MATH2349 Semester 2, 2019

Required packages

library("gdata")
library("dplyr")
library("stringr")
library("lubridate")
library("tidyr")
library("outliers")
library("forecast")
library("infotheo")

Executive Summary

This assignment uses three datasets from Australian Securities Exchange (ASX). The first dataset has the ASX companies, their ASX Code and the industries they belong to, and the second and third datasets have the share price of these ASX companies at the last trading day of financial year 2018 and 2019.
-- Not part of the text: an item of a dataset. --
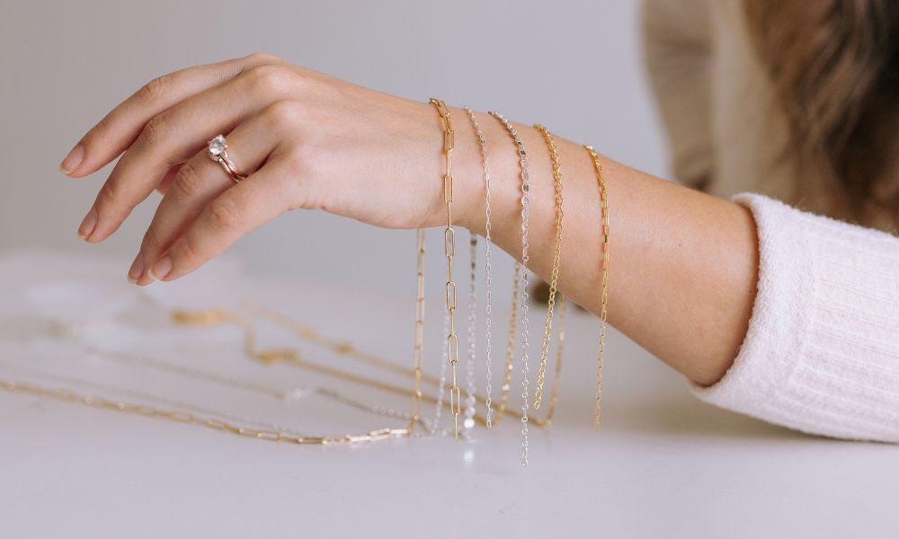 We use sterling silver and 14 karat gold-filled chain because they both will last 20+ years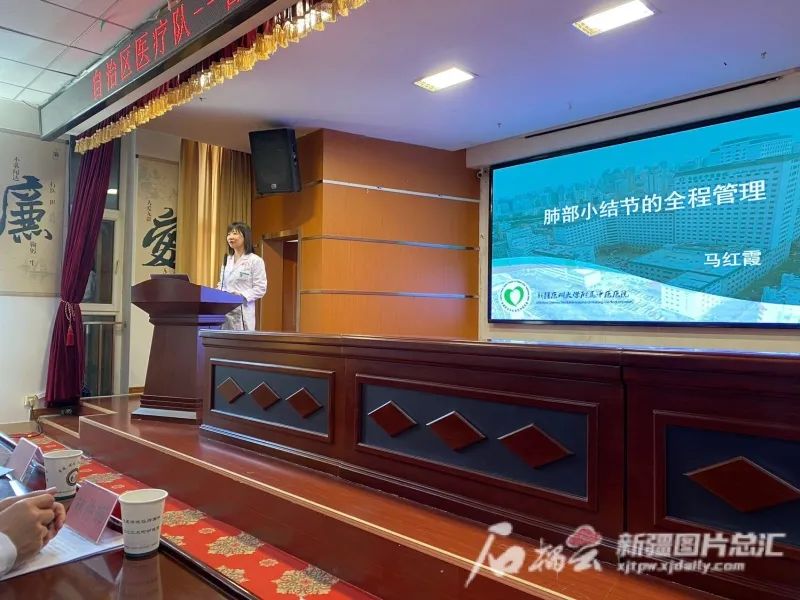 新疆医科大学第四附属医院(自治区中医医院)肺病一科副主任马红霞在吉木萨尔县义诊时为医护人员授课

In order to analyse the share price changes between 2018 and 2019, this assignment has taken the below steps:
1. Join the three datasets together which includes activities like changing variable names and trimming the spaces of the key values, so that the datasets can be joined properly.
2. Data type conversion. As all the datasets are scraped from web directly, the data types are mostly chat or factor. This step does the necessary conversion (e.g.: convert Share Price variable from to numeric, Business Date variable to date type) and order the Industry Group factor variable.
3. Tidy & Manipulate Data. Remove duplicate variables due to the join from the merged dataset, filter the dataset to focus on “Ordinary” security (stock shares) and mutate/calculate the delta price of the share between year 2018 and 2019.
4. Scan and handle missing value and inconsistency. As each ASX company and their share price can be very different, this assignment has to remove observations with missing share price value rather than imputing the price from other companies. Also, observations with inconsistent business date also need to be excluded, otherwise the delta price won’t reflect the price changes between the two years.
5. Scan and handle outliers. Scan each numeric variable and handle the outliers found.
6. Data transformation. Focusing on variable of Delta.Percent (share price change by percentage), this step handles the right skewness of the data and also discretise the data by equal-frequency binning.

Data

Data Source:
“Complete List + GICS Industry Group”. 2019. “https://www.marketindex.com.au/data-downloads”
“30 June 2019 - Closing Share Prices”. 2019. “https://www.marketindex.com.au/data-downloads”
“30 June 2018 - Closing Share Prices”. 2019. “https://www.marketindex.com.au/data-downloads”

Data Description:
1. Dataset “Complete List + GICS Industry Group”:
* Overall: Contains the ASX Listed Company Names, their ASX Code and the industries they belong to.
* Variable - “Company.Name”: Full Name of the ASX Listed company.
* Variable - “ASX.Code”: ASX Code of the company.
* Variable - “Industry.Group”: The industry group the ASX Company belongs to.
2. Dataset “30 June 2019 - Closing Share Prices.” and “30 June 2018 - Closing Share Prices.”
* Overall: The two datasets have the same structure/varibales and contain the closing share prices of financial year 2019 and 2018.
* Variable - “ASX.Code”: ASX Code of the company.
* Variable - “Security.Group.Code”: Code of the financial security group.
* Variable - “Issuer.Underlying.Issuer.Full.Name”: Full name of the company that issues the financial security.
* Variable - “Abbreviated.Product.Description”: Short description of the product/share/security.
* Variable - “Last.Price….”: Price of the last trading day of the financial year for the company’s product.
* Variable - “Business.Date”: Date of the last trading day of the financial year for the company’s product.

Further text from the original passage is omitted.